Helpful Guidelines For Employee Handbook Drafting
The NLRB has recently been active in analyzing whether employee handbooks violate Section 7 of the National Labor Relations Act (the “Act”). In light of this, it is advisable for employers to try to imagine their handbook provisions being construed restrictively, especially with regard to communications that employees engage in for unionizing efforts and discussing workplace disputes with other employees. Taking such a stance can help ensure employers revise their handbook properly to prevent an adverse ruling. Below are some reminders for an employer when drafting or revising an employee handbook.

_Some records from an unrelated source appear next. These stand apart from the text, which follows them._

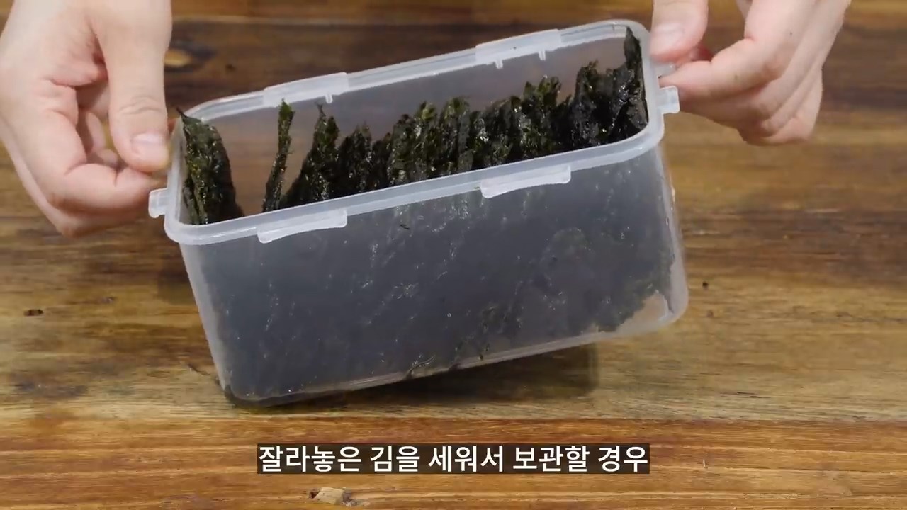 밀폐용기에 조미김을 담고 포장지 속 제습제를 함께 넣어주세요.
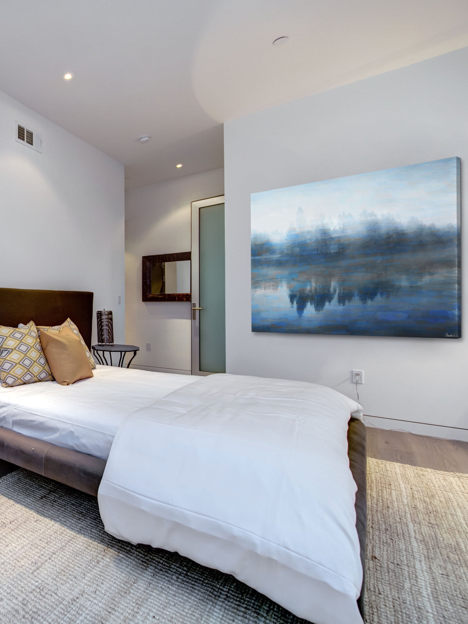Featuring lush woods and a vast blue lagoon, this painting print is the perfect way to show off your love for the beauty that nature has to offer. This print offers harmonious shades of indigo and ivory that flawlessly intermingle to create an awe-inspiring piece. This piece is printed on canvas before it’s stretched over non-warping wooden bars for a gallery-wrapped look. With wall-mounting hooks included, this artful accent is ready to hang up as soon as it reaches your front door.
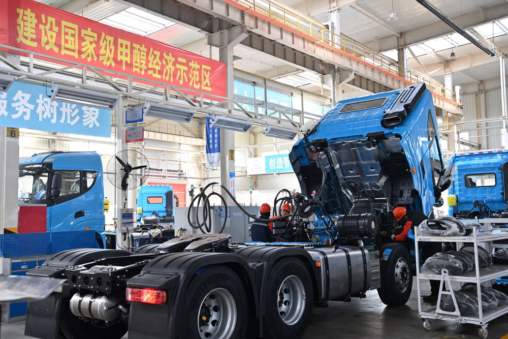 在汾河中游,以甲醇產(chǎn)業(yè)為引領(lǐng),晉中市開(kāi)啟了能源轉型的新賽道。走進(jìn)吉利汽車(chē)晉中基地生產(chǎn)車(chē)間,一輛輛甲醇重卡、甲醇轎車(chē)經(jīng)過(guò)最后檢測,緩緩駛出生產(chǎn)線(xiàn)。山西吉利新能源商用車(chē)有限公司生產(chǎn)物流部副部長(cháng)李恒說(shuō):“我們從去年6月全省首臺甲醇重卡下線(xiàn)以來(lái),已經(jīng)交付了1200余臺,還有上千臺訂單正在生產(chǎn)?!?/p>
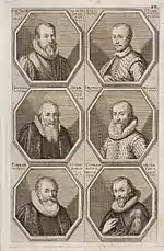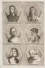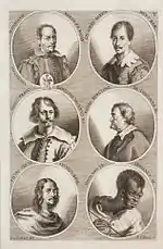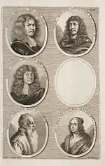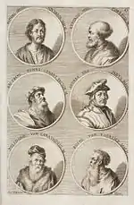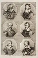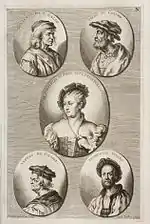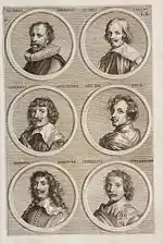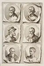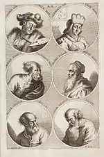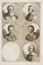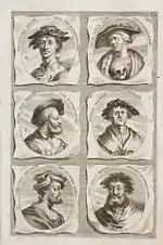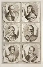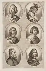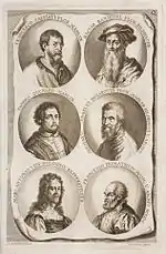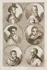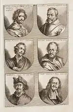 The German Academy of the Noble Arts of Architecture, Sculpture and Painting, or Teutsche Academie, refers to a comprehensive dictionary of art by Joachim von Sandrart published in the late 17th century. The first version was published in 1675 and it included a compilation of artist biographies that were later accompanied by illustrations by Richard Collin for a 1683 Latin edition by Christianus Rhodius. The list of portrait illustrations follows and is in page order. Most of the biographies were translated into German from earlier work by Karel van Mander and Cornelis de Bie, but Sandrart had travelled extensively in Europe and added many original biographies of German-born artists to his list. The illustrated portraits of artists born before his time were mostly based on 17th-century engravings by Hieronymus Cock and Jan Meyssens, many of which had also been re-published in De Bie's Het Gulden Cabinet.
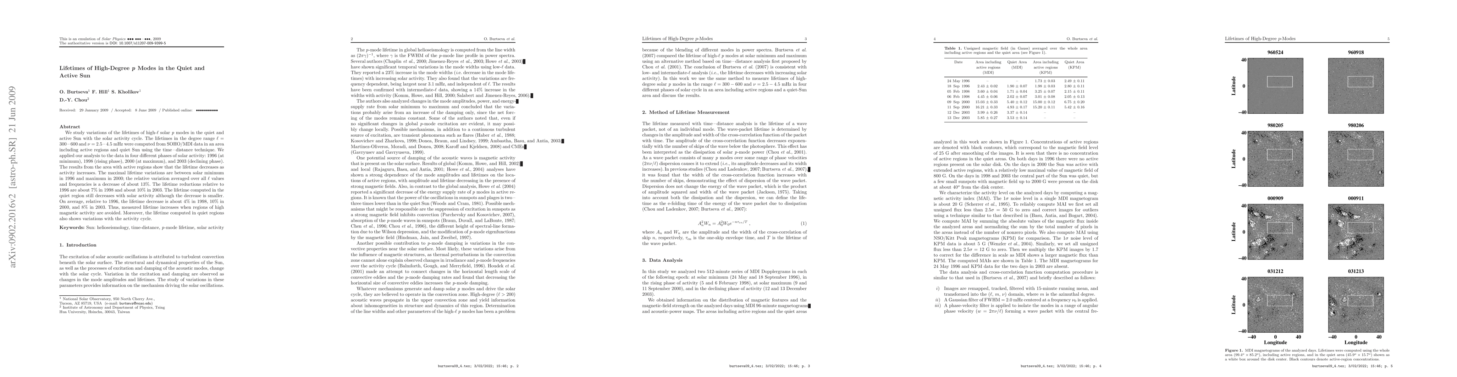 This study investigates the lifetimes of high-degree p-modes in the quiet and active Sun across different phases of the solar activity cycle, finding that lifetimes decrease with increasing solar activity, with more pronounced reductions in active regions. The relative lifetime variations are about 13% from solar minimum to maximum.
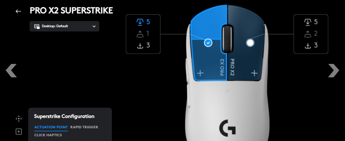 Wykorzystaj potęgę G HUB, aby ustawić aktywację, Rapid Trigger i haptykę. Dzięki pamięci wbudowanej Twoje ustawienia są zawsze pod ręką, oferując bezkompromisową wydajność natychmiast po podłączeniu myszy do dowolnego komputera.
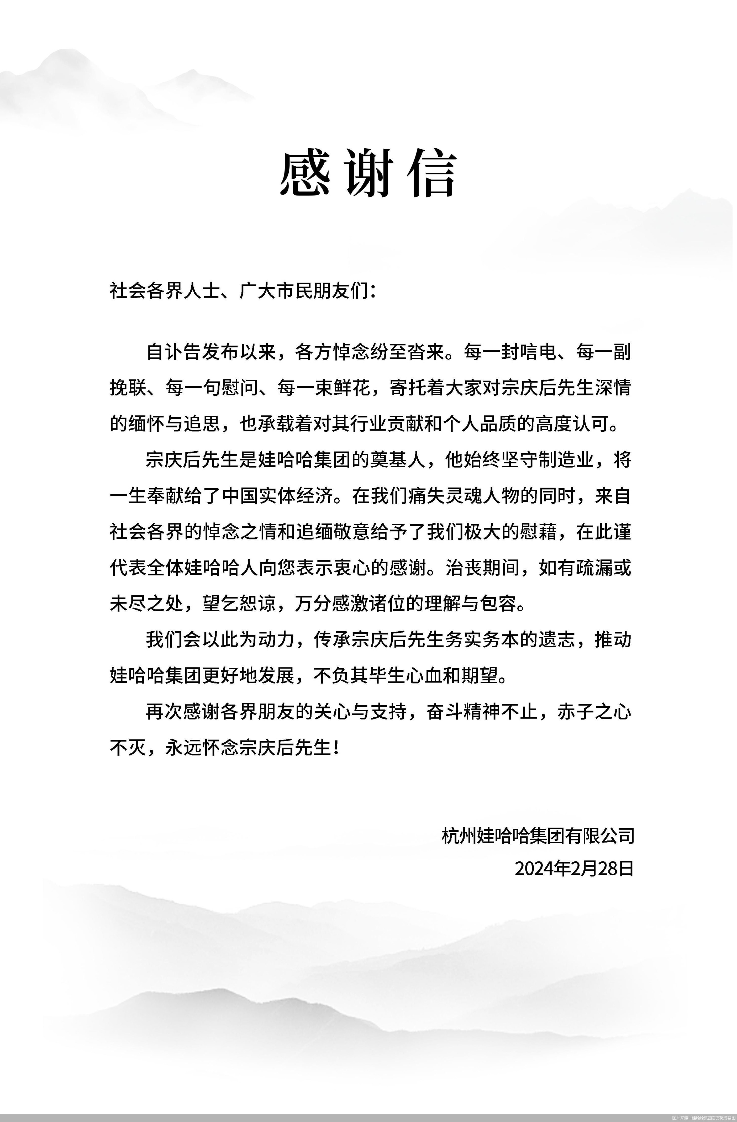 昨發(fā)《感悟一代民營企業(yè)和民營企業(yè)家的宗師——深切緬懷宗慶后同志光輝的一生》于娃哈哈集團(tuán)郵箱,今意猶未盡,再作緬懷,以敬逝者!——大哉大之大者也,老兄宗慶后安息吧!
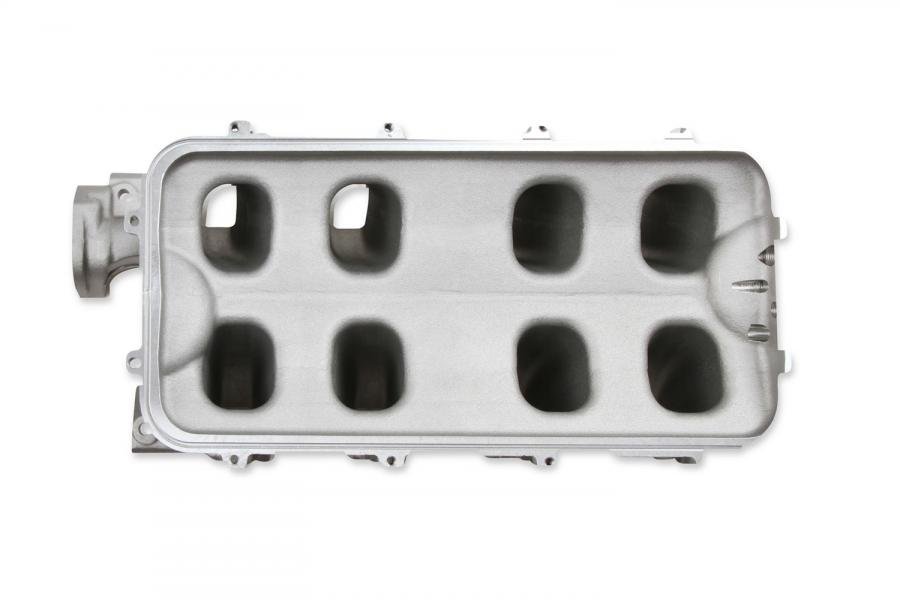 The carbureted Hi-Ram manifold line has a new addition for the 8.2" SBF Ford application. The runner length and tapered cross section design will perform well for a wide range of engine combinations. The engineering team also redesigned the water crossover passage to allow room for distributor phasing. Aggressive, bold, race-bred styling will make bad intentions clear for drag race, muscle car, marine, off-road, sandrails, pulling trucks, track, street-rod applications and more!
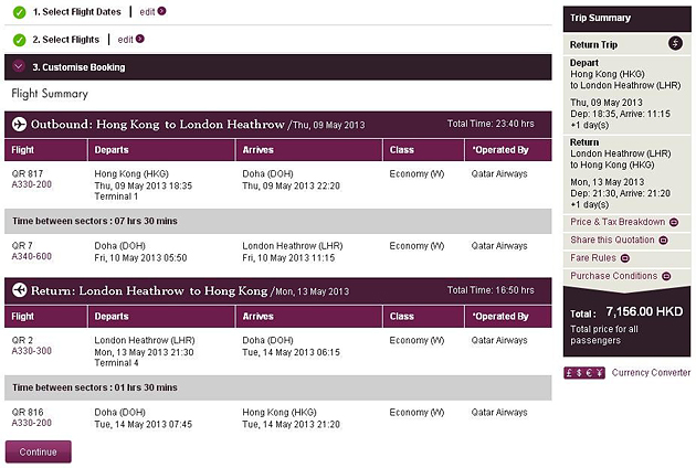 香港=>倫敦=>香港=連稅$7,156 ($2,210 + $4,946 稅)
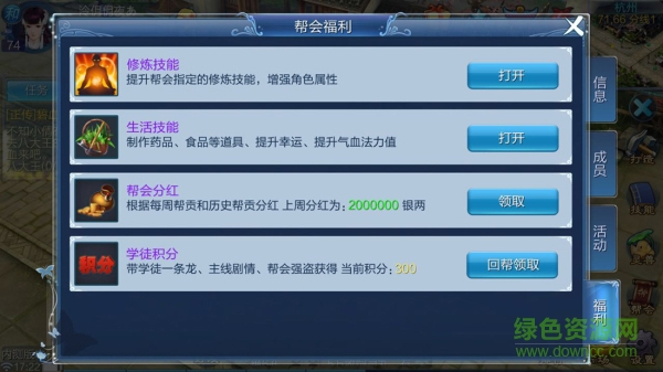 帮会成员可以在帮中学到各种辅助技能,如五禽戏,冥思,健身术,活力术等等,这些技能可以帮助玩家提高自己在游戏中的生存能力;
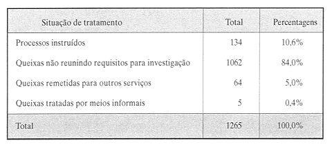 - Quadro III Situação de tratamento das queixas recebidas em 2001
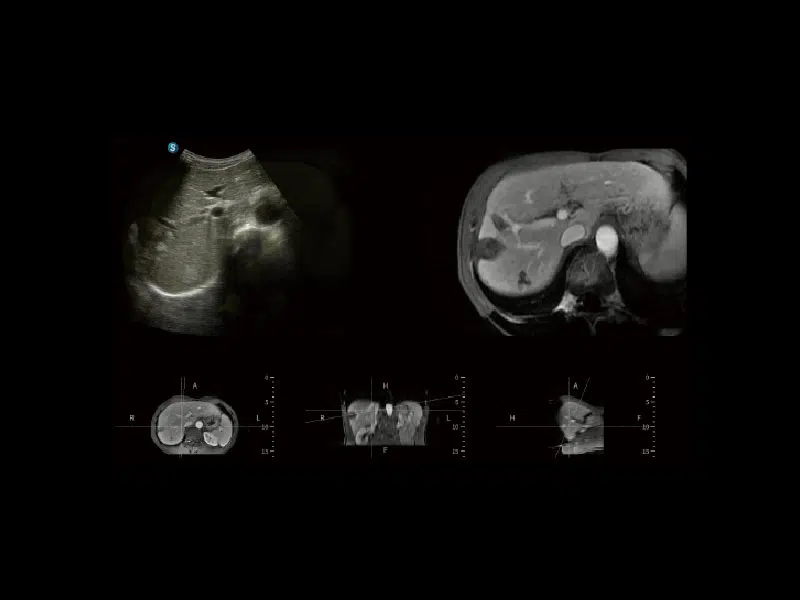 With a built-in magnetic sensor in the probe, SonoFusion eliminates the need for an external magnetic sensor, and fuses the ultrasound data with CT/MR data to achieve simultaneous display by image registration. This integration facilitates comprehensive disease analysis by clinicians.
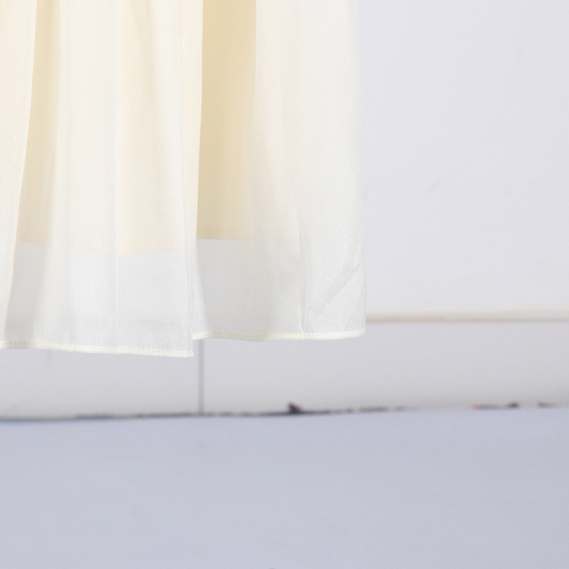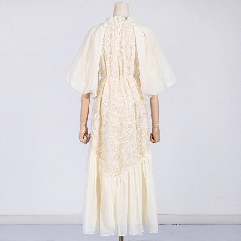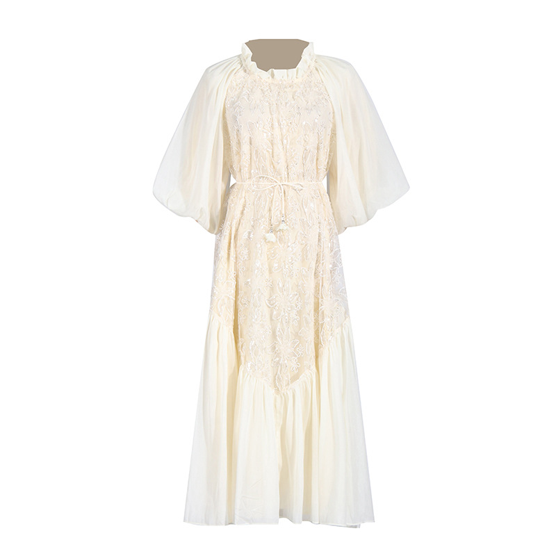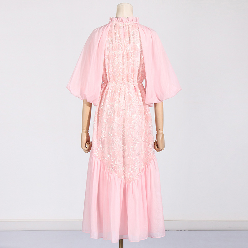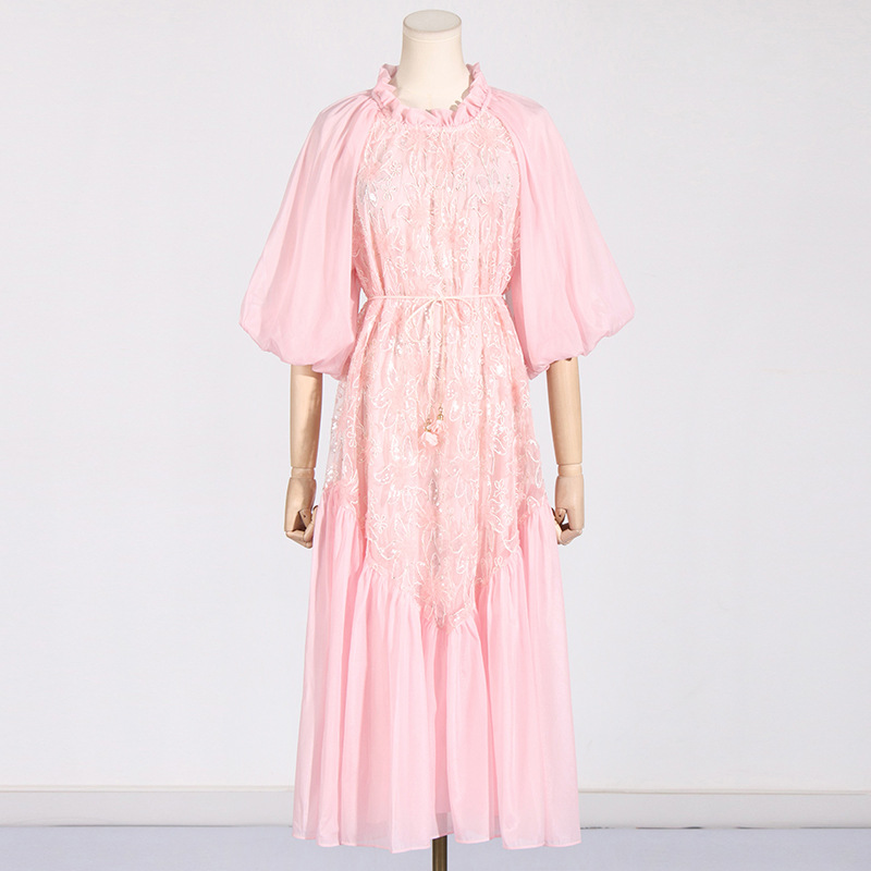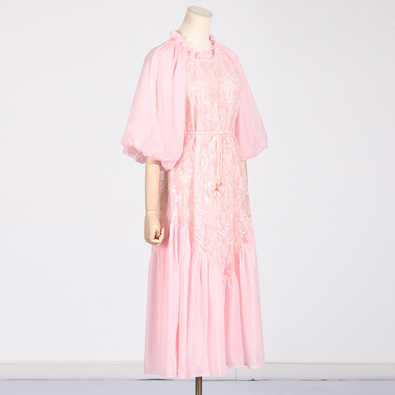 round Neck Wooden Ear Embroidery Tie Neck Slim Waist Solid Color Dress
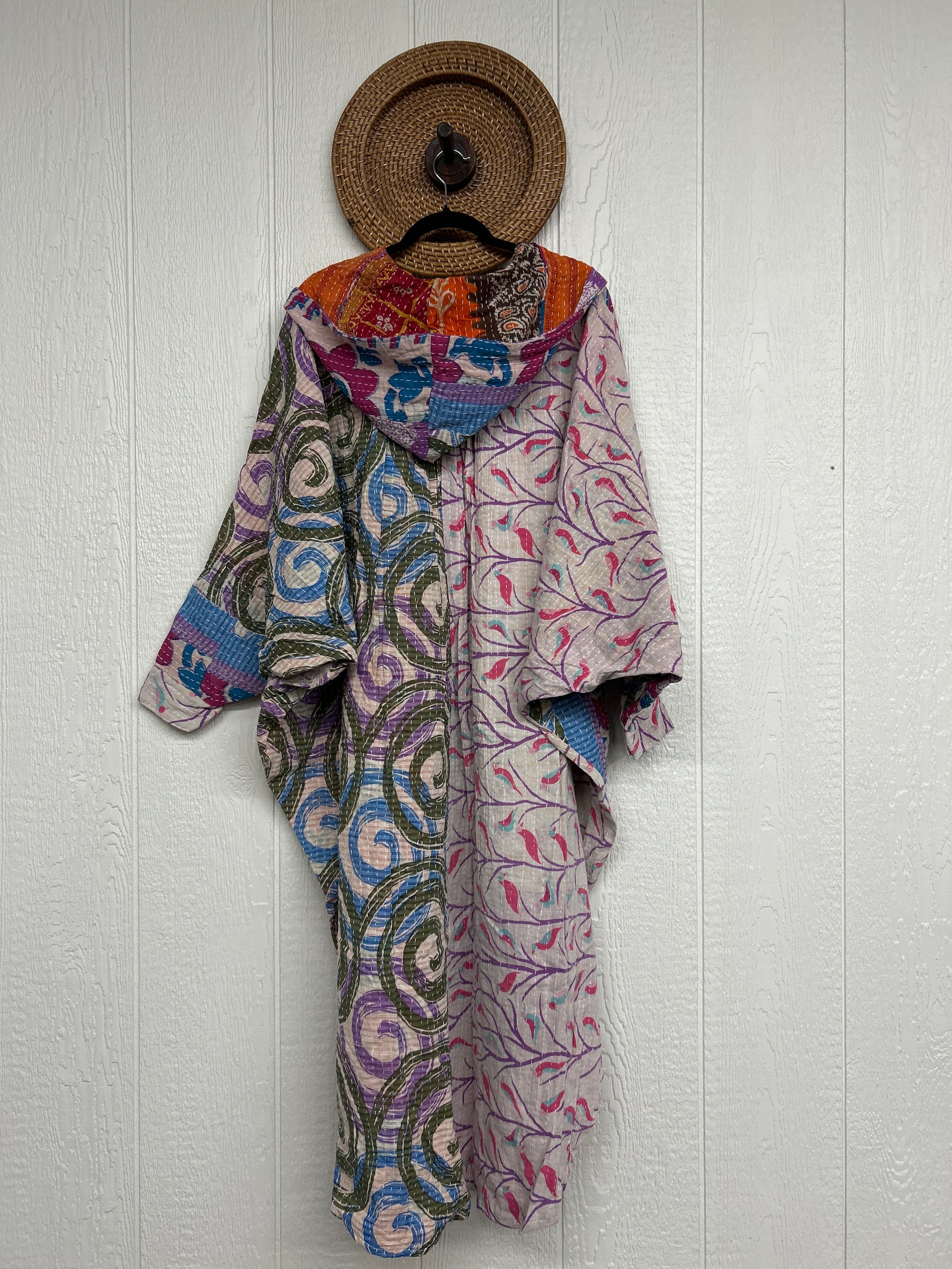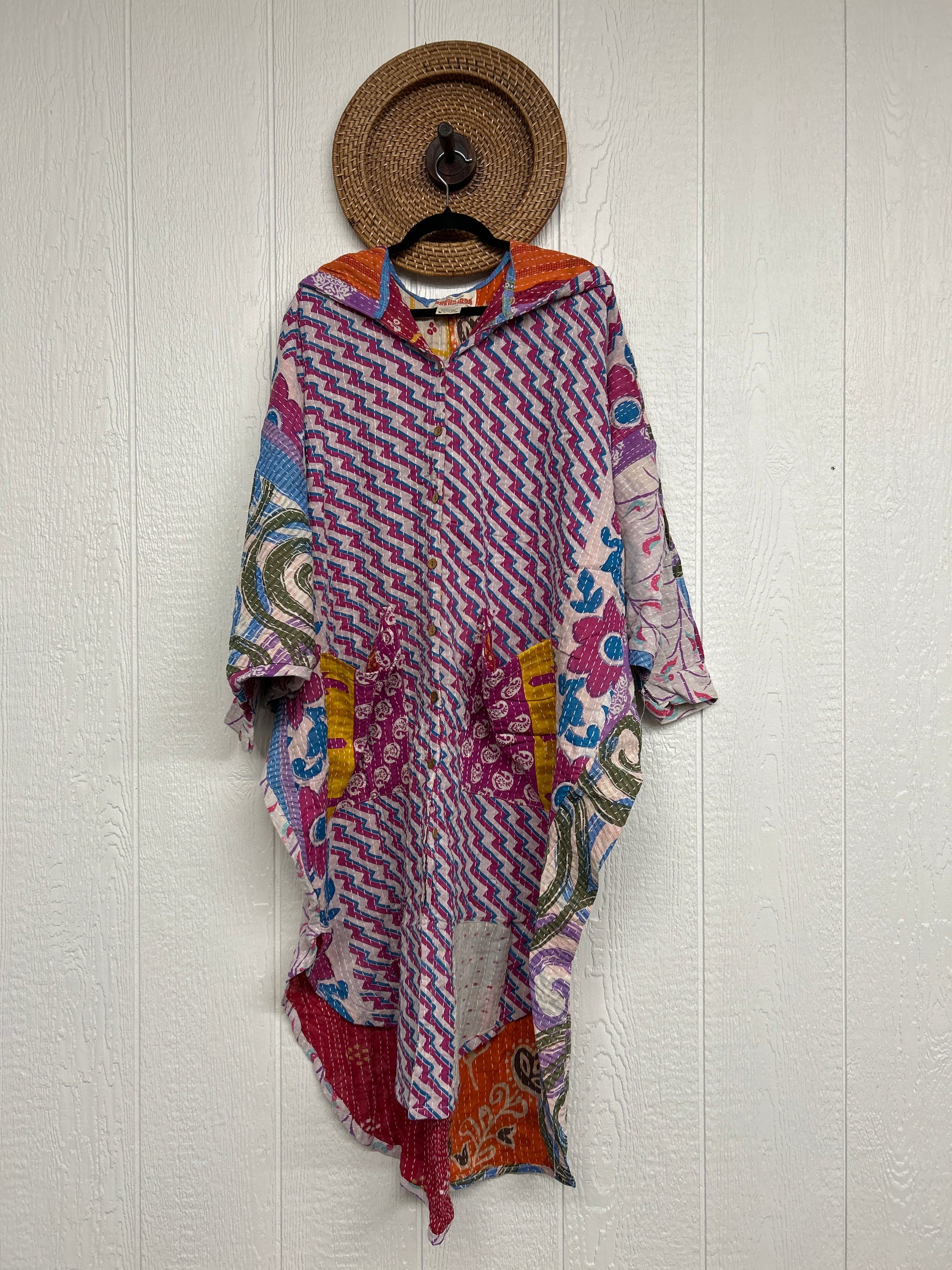 Made from our hand kantha stitched vintage cotton sari, this piece of wearable art features a Button-down opening with functional buttons, slouchy outer pockets, billowy sleeves, a rounded hemline and a vibey hood. The perfect maxi to compliment your favorite kantha pants or bell bottoms.

- Many employers include a “savings clause” that tells employees that nothing in the handbook intends to limit them from engaging in their rights protected by the Act. Employers should be careful not to have a savings clause that is too general, and any savings clause should be structured to specifically mention the broad rights that Section 7 of the Act confers on them
- Employers should be mindful that the NLRB has rejected handbook provisions restricting the use of “confidential” information because such provisions could be construed as restricting communicating with each other about wages and terms of employment, or from contacting a union about employees who might be interested in joining it
- For a similar reason, handbook provisions restricting the use of company logos may also be unlawful under Section 7 because, barring a legitimate business justification for the use restriction, using a logo in communications that are otherwise protected under Section 7 can be viewed as an effective way to communicate a dispute about the terms and conditions of employment
- Any restriction on communications with government entities could be cause for concern as well, as it could discourage or prevent employees form being involved in a government inquiry by the NLRB itself.